### Exercise instructions
Each line from the one holding "ตัวอย่างหน้าจอ ระบบการมอบหมายงาน" to the last line of the listing must be set down exactly. No pictures are to be included.

### Provided material

= = = = =

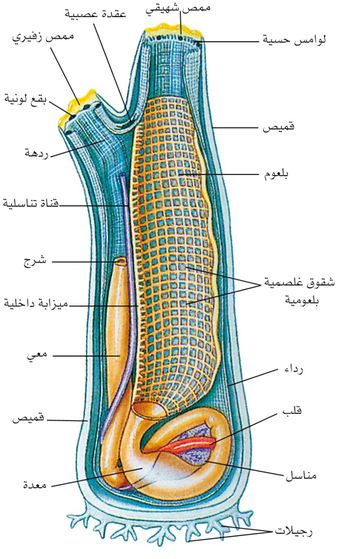 2ـ صف الكأسيات Ascidiacea، وتضم أشكالاً ثابتة من القميصيات، يعيش بعضها حياة منفردة وبعضها الآخر يعيش في مجموعات (مستعمرات) .
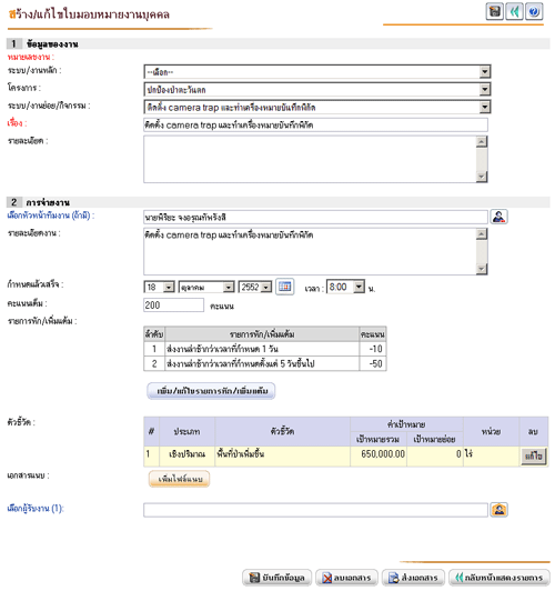 ตัวอย่างหน้าจอ ระบบการมอบหมายงาน
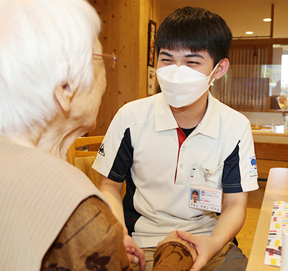 「利用者のみなさんが楽しくなってくれたら、僕もめっちゃうれしい」とやりがいを話すファムさん。「僕は一人っ子なので、いつかは両親の元へ帰ると思いますけど、できるだけ日本で長く介護の仕事をしたいです」と希望している。
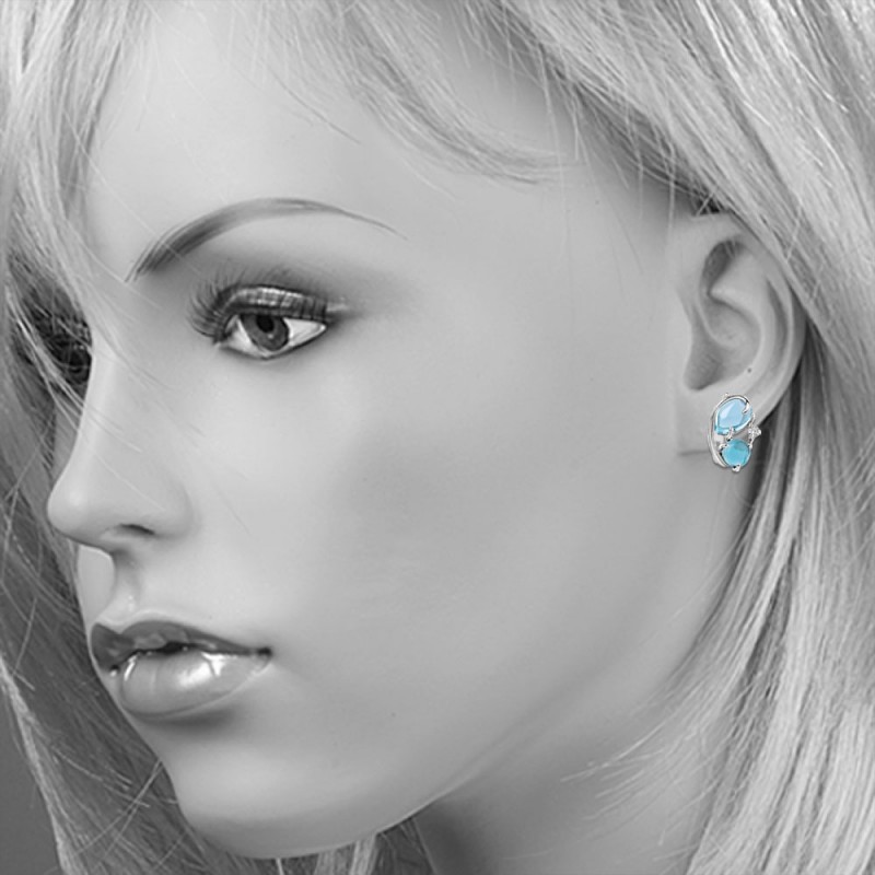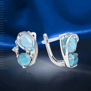 Нежные серьги из серебра 925 пробы со вставкой из аквамарина ситалл, турмалина Параиба и сверкающих цирконий.

= = = = =

### Result for this task
 ตัวอย่างหน้าจอ ระบบการมอบหมายงาน
 「利用者のみなさんが楽しくなってくれたら、僕もめっちゃうれしい」とやりがいを話すファムさん。「僕は一人っ子なので、いつかは両親の元へ帰ると思いますけど、できるだけ日本で長く介護の仕事をしたいです」と希望している。
 Нежные серьги из серебра 925 пробы со вставкой из аквамарина ситалл, турмалина Параиба и сверкающих цирконий.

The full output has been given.